Как-то раз в магазин пришла молодая женщина, с ярким румянцем на щеках и сверкающими глазами, она была одета в бархатную ротонду с воротником черного меха,— лицо её возвышалось над мехом, как удивительный цветок. Сбросив с плеч ротонду на руки Саши, она стала ещё красивее: стройная фигура была туго обтянута голубовато-серым шёлком, в ушах сверкали брильянты,— она напоминала мне Василису Прекрасную, и я был уверен, что это сама губернаторша. Её приняли особенно почтительно, изгибаясь перед нею, как перед огнём, захлёбываясь любезными словами. Все трое метались по магазину, точно бесы; на стёклах шкапов скользили их отражения, казалось, что всё кругом загорелось, тает и вот сейчас примет иной вид, иные формы.
А когда она, быстро выбрав дорогие ботинки, ушла, хозяин, причмокнув, сказал со свистом:
— С-сука…
— Одно слово — актриса,— с презрением молвил приказчик.
И они стали рассказывать друг другу о любовниках дамы, о её кутежах.
После обеда хозяин лёг спать в комнате за магазином, а я, открыв золотые его часы, накапал в механизм уксуса. Мне было очень приятно видеть, как он, проснувшись, вышел в магазин с часами в руках и растерянно бормотал:
— Что за оказия? Вдруг часы вспотели! Никогда этого не бывало вспотели! Уж не к худу ли?
Несмотря на обилие суеты в магазине и работы дома, я словно засыпал в тяжёлой скуке, и всё чаще думалось мне: что бы такое сделать, чтоб меня прогнали из магазина?
Снежные люди молча мелькают мимо двери магазина,— кажется, что они кого-то хоронят, провожают на кладбище, но опоздали к выносу и торопятся догнать гроб. Трясутся лошади, с трудом одолевая сугробы. На колокольне церкви за магазином каждый день уныло звонят — великий пост; удары колокола бьют по голове, как подушкой: не больно, а глупеешь и глохнешь от этого.
Однажды, когда я разбирал на дворе, у двери в магазин, ящик только что полученного товара, ко мне подошел церковный сторож, кособокий старичок, мягкий, точно из тряпок сделан, и растрепанный, как будто его собаки рвали.
— Ты бы, человече Божий, украл мне калошки, а? — предложил он.
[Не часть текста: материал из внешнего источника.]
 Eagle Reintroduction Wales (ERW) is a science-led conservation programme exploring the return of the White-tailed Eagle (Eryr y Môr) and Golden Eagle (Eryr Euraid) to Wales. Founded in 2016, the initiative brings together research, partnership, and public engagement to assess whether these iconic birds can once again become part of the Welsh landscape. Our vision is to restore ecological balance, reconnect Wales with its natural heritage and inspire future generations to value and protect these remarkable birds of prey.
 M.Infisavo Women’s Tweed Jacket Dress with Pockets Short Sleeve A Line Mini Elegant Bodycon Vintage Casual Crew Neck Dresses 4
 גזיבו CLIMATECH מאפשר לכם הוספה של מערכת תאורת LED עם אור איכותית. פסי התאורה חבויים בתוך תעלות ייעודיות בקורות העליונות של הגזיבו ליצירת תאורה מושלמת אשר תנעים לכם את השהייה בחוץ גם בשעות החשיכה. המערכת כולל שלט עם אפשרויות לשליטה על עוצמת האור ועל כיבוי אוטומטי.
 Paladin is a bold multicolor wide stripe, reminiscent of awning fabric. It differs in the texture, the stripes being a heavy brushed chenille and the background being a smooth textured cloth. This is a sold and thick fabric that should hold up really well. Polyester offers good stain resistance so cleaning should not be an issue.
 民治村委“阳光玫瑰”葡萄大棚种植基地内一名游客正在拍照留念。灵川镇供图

Я промолчал. Присев на пустой ящик, он зевнул, перекрестил рот и снова:
— Украдь, а?
— Воровать нельзя! — сообщил я ему.
— А воруют, однако. Уважь старость!
Он был приятно не похож на людей, среди которых я жил; я почувствовал, что он вполне уверен в моей готовности украсть, и согласился подать ему калоши в форточку окна.
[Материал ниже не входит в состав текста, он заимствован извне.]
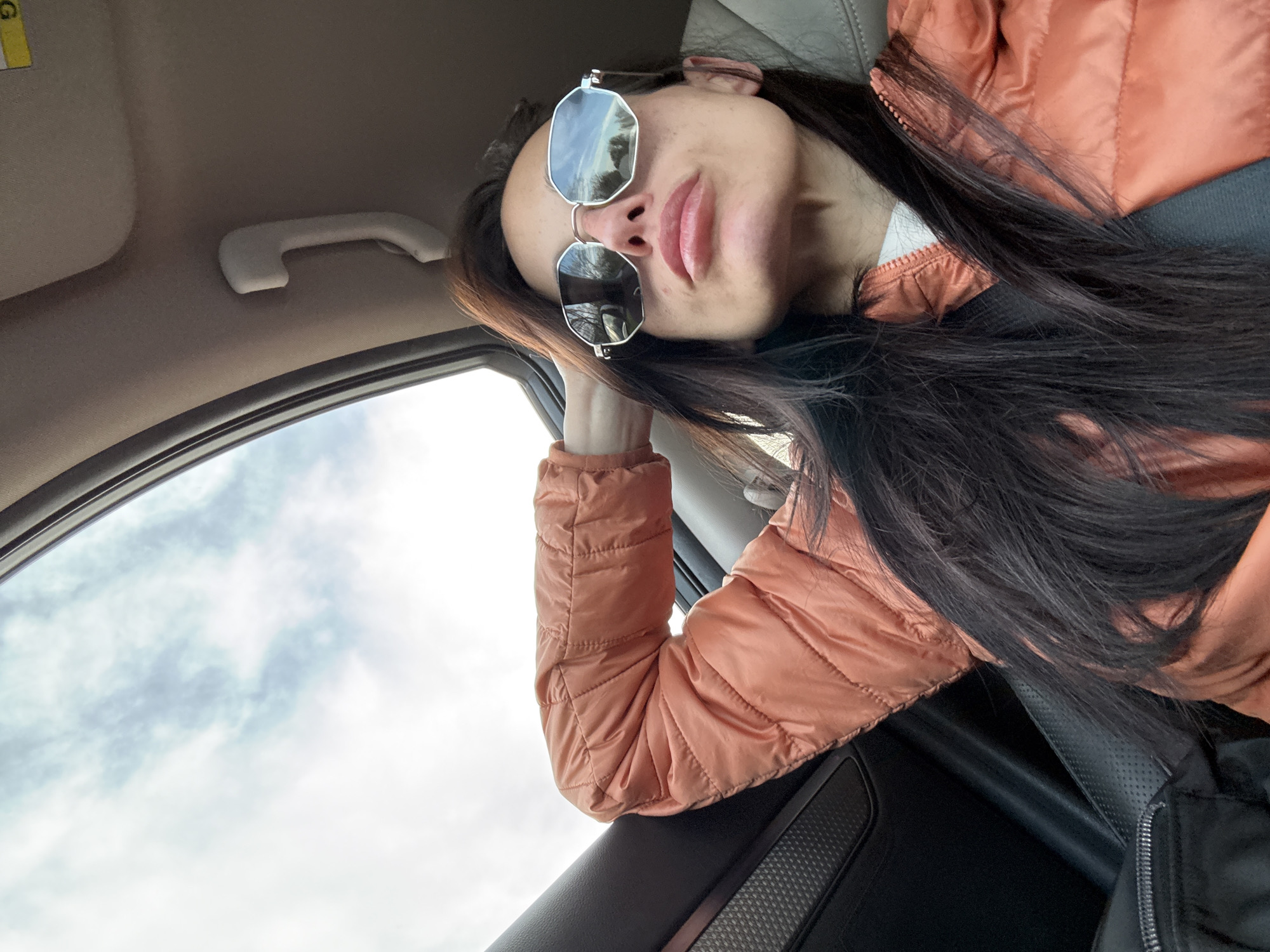 A woman wearing sunglasses and a peach-colored puffy jacket is resting her head on her arm inside a car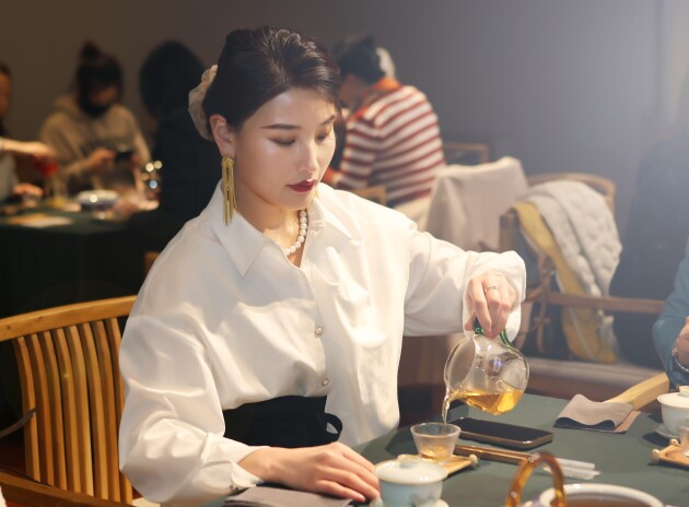 第二重——觀。伴隨著古琴充滿禪意的曲調(diào),茶藝師開(kāi)始進(jìn)行品香等茶藝表演,蜜絲會(huì)員們用心觀摩,領(lǐng)略茶藝的清雅韻味。

— Вот и ладно,— не радуясь, спокойно сказал он. — Не омманешь? Ну, ну, уж я вижу, что не омманешь…
Посидел с минуту молча, растирая грязный, мокрый снег подошвой сапога, потом закурил глиняную трубку и вдруг испугал меня:
— А ежели я тебя омману? Возьму эти самые калоши, да к хозяину отнесу, да и скажу, что продал ты мне их за полтину? А? Цена им свыше двух целковых, а ты — за полтину! На гостинцы, а?
Я немотно смотрел на него, как будто он уже сделал то, что обещал, а он всё говорил тихонько, гнусаво, глядя на свой сапог и попыхивая голубым дымом.
— Если окажется, напримерно, что это хозяин же и научил меня: иди испытай мне мальца — насколько он вор? Как тогда будет?
— Не дам я тебе калоши,— сказал я сердито.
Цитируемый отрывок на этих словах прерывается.